It had been the first night we had spent in our own home for nearly a year, and this was the dawn of a new sort of existence. Heretofore we had taken no thought of the morrow or, for that matter, of to-day. When we opened the house in the autumn we simply telegraphed to a firm of professional house-cleaners to come with their vacuum tubes, their rotary sweepers, their acids and varnishes, and get the place readyusually at a cost of about three hundred dollars. Then we sent on ahead five or six servants, including the cook, to prepare the way, and arrived, in due course, in a perfectly ordered and well-running establishment.

When we returned from six weeks in Paris or London our motor met us at the dock, I found my dress clothes laid out in their customary place, and dinner was served by the butler and the second man just as if we had not been away at all. But now there was to be no butler and no second man. Our resolution taken the afternoon before was to be put to the test. Would Helen be able to manage it? Or, if she could manage it, could she stand it? However, I saw no weakening in her face as I lit my cigarette and glanced at her across the table.

"You had better send for René," she said, smiling. "The sooner you tell him he must go the better. I'm going down-town to engage a cook."

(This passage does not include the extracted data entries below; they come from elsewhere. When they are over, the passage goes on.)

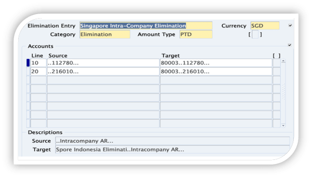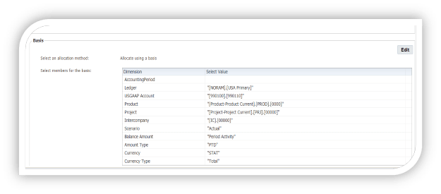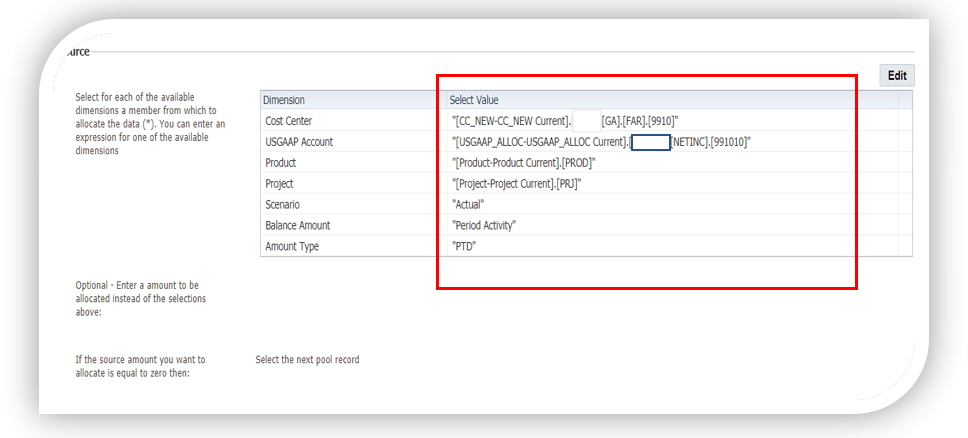 In this section, notice that the other dimensions with the values populated in the POV are no longer showing up. Instead, enter the dimension values from which the GL Balances will be aggregated and allocated (In EBS, this is your “A” line).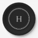 Simple and elegant with classic styling, this design features a double-lined border in a tasteful shade of neutral grey over a stylish black background. The border is perfectly symmetrical, framing the monogram initial in the centre of the design. Personalize the text template with your monogram initial. These plates are great to have on hand for entertaining and have the ease of being disposable for your convenience. Available in 2 sizes: shown here in the 9-inch diameter size, they are also available in 7-inch diameter size.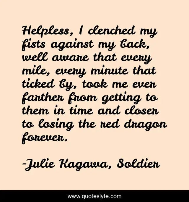 This page presents the quote "Helpless, I clenched my fists against my back, well aware that every mile, every minute that ticked by, took me ever farther from getting to them in time and closer to losing the red dragon forever.". Author of this quote is Julie Kagawa, Soldier. This quote is about dragon-slayers, love-triangle, urban-fantasy, dragons,.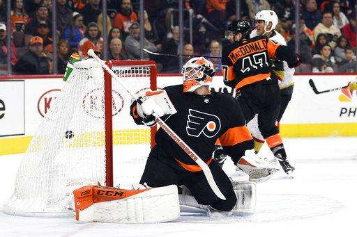 Laughton was banged up and forward Oskar Lindblom also hit the locker room in the third after Golden Knights defenseman Brayden McNabb plowed him into the glass. The Flyers were already without two of their top nine forwards - Nolan Patrick and James van Riemsdyk. Patrick could miss up to 10 days after he took a stick to the face against Ottawa. Van Riemsdyk, who signed a $35 million, five-year contract in the summer, is out another month because an injury suffered when was hit with a shot in the second game of the season.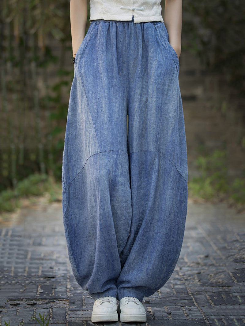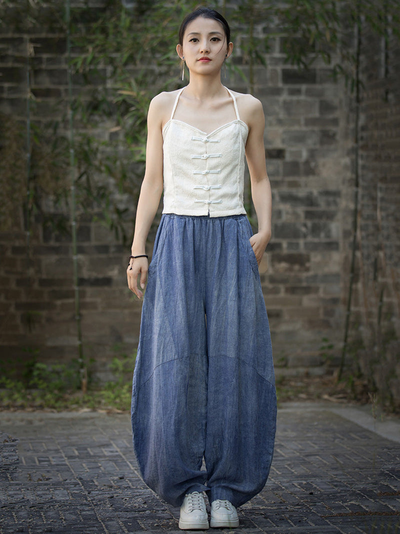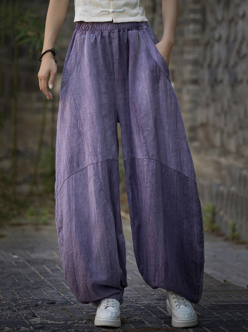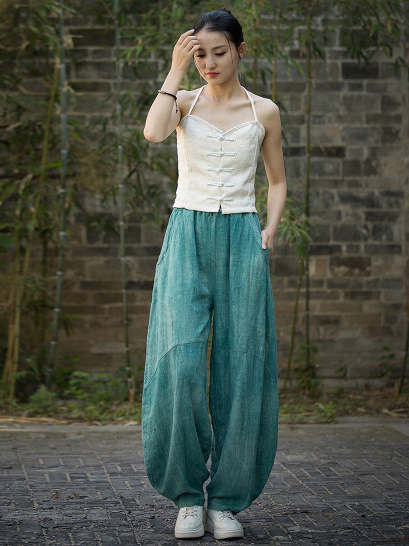 This product is made of 80%Ramie20%Cotton. featuring a retro and artsy style. The elastic waist and tie-dye pattern on these bloomers make for a comfortable fit and unique look. With an ankle-length design. these pants are perfect for the spring and summer season.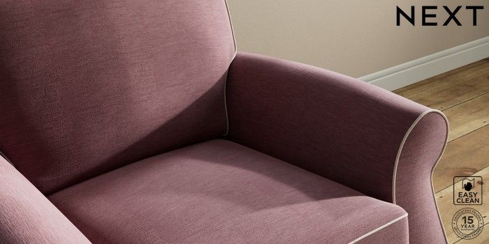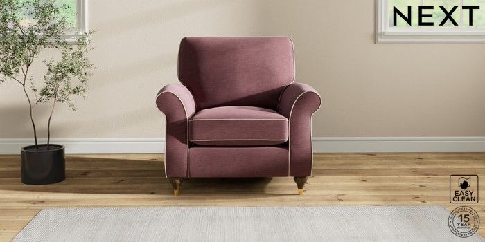 7.3.1 Buy Ashford Armchair Fine Chenille with Contrast Mid Mulberry Purple and Oyster Modern Turned Metal Cap - Mid from the Next UK online shop
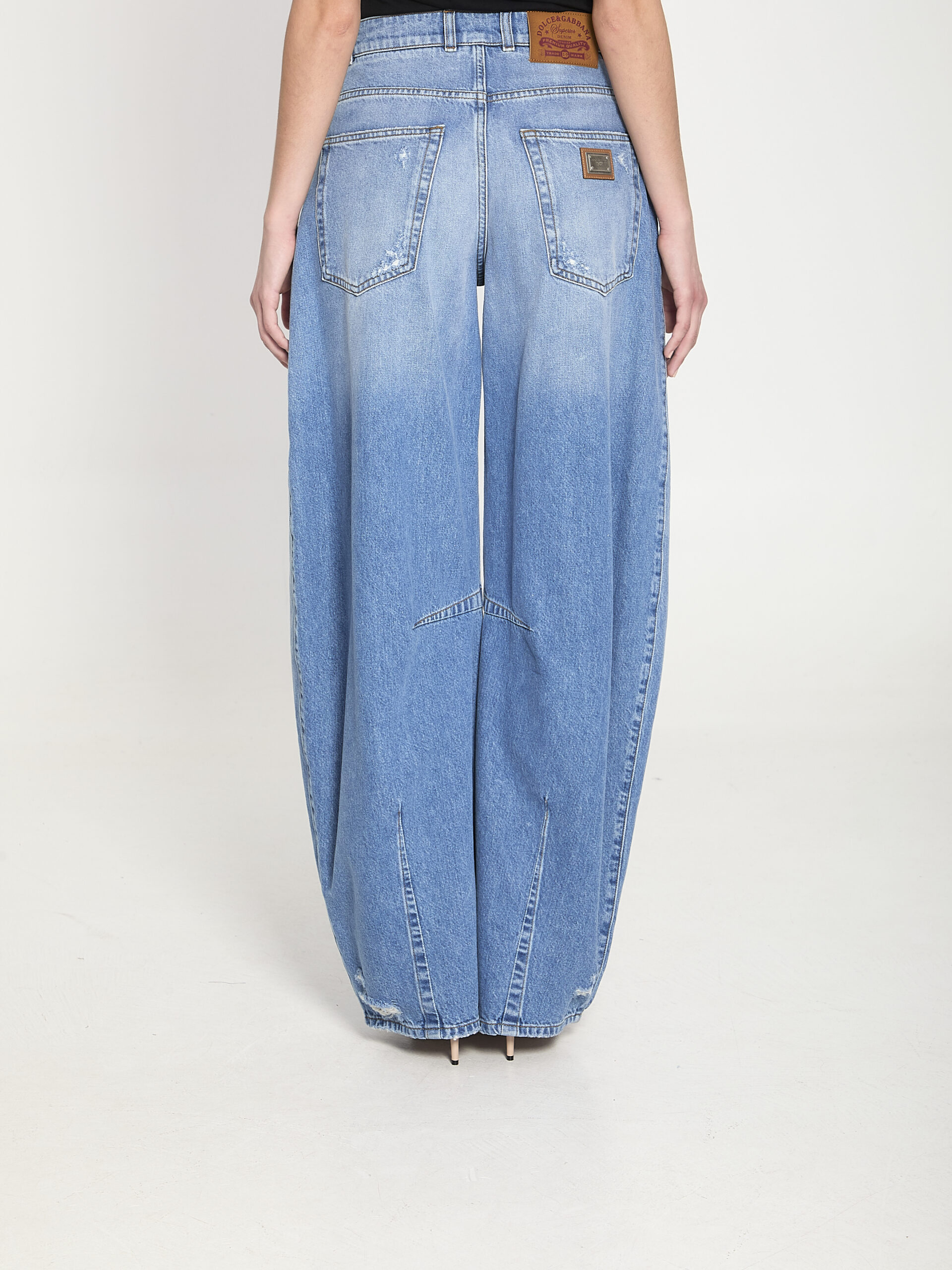 Light blue cotton denim jeans. Feature belt loops, button and front zipper closure, five pockets, leather label and logo patch on the back, ripped detailing, stitched tuck details at the knee, mid rise, barrel leg. Regular fit.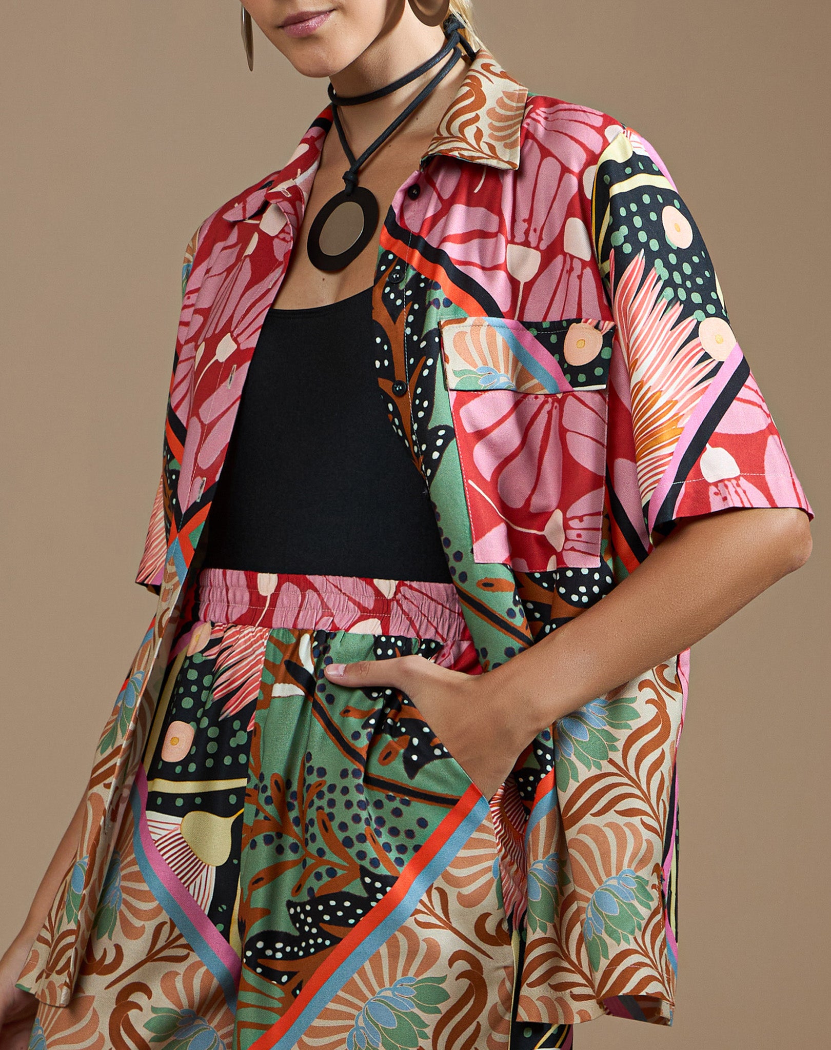 A peça que traz a arte da estampa para o seu dia a dia com conforto. Esta camisa de manga curta possui uma modelagem ampla e soltinha, garantindo um caimento fluido e agradável. O tecido leve a torna perfeita para os dias quentes.

In spite of Helen's cheerfulness I realized what giving up her motor would mean to her; how physically dependent upon it she had become. I hated the idea of my wife hanging on to a strap in the street-cars while the boors in the neighboring seats ignored her sex. Besides, how could Margery, with her many social engagements, possibly manage to get along without it? And if we lost the peerless René, could we ever find another treasure like him? No; I would find some other and less drastic economy!

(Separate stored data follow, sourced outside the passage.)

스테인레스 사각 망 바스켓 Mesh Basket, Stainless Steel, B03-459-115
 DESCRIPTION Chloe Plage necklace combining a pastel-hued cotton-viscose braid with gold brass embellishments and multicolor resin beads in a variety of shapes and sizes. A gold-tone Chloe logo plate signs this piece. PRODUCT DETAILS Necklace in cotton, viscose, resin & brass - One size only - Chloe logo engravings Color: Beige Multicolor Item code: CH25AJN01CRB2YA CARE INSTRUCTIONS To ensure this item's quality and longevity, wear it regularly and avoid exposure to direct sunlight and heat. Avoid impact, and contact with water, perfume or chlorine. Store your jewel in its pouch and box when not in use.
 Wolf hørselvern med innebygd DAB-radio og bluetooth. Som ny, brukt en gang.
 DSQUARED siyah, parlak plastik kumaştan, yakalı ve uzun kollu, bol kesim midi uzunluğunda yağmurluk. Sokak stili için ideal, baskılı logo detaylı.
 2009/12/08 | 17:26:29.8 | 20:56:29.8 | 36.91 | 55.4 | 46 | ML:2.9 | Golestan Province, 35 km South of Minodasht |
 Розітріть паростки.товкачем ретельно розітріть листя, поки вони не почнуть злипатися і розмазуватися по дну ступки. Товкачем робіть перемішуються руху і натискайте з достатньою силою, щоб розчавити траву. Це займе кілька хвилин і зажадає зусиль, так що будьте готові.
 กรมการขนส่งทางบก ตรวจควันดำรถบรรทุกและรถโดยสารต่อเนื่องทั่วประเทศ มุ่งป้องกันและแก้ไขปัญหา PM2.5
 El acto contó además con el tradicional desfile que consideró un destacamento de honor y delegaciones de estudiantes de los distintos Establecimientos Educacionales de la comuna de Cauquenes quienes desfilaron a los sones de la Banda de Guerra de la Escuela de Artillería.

"Helen," I said, "I've been thinking it over, and I feel that it would be bad business for us to give up René. We couldn't replace him. Probably we can cut down on something else that"

But Helen had risen to her feet with a gesture of finality.

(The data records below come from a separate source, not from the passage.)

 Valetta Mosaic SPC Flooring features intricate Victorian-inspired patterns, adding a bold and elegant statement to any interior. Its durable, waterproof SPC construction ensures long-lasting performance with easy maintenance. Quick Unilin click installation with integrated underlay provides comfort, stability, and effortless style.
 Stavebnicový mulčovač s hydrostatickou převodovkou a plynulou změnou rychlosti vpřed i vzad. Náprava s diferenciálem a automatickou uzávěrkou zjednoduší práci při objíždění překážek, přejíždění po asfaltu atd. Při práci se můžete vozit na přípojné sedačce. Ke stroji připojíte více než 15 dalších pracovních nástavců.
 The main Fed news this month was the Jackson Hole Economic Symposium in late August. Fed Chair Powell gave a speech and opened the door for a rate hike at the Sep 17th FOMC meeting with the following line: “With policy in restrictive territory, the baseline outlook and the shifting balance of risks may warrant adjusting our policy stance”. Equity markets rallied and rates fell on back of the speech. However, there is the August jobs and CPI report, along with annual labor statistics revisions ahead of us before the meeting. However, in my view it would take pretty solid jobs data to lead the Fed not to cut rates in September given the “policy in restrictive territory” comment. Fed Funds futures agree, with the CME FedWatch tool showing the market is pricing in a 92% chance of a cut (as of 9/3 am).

"No, John," she interrupted; "that has been decided, once and for all. It's a matter of conscience. I shall not keep the car this winter."

"Anyhow," I urged feebly, "you might as well run it for a few days while you are getting settled—say, for a week. It seems foolish not to, you know, when it's standing right there round the corner in the garage." She shook her head.

"I don't want to begin using the motor. I don't trust myself. If I once started I mightn't want to give it up. Let me have ten cents for the bus, please!" "You're a brave woman, Helen!" I answered. "Well, here's your dime!"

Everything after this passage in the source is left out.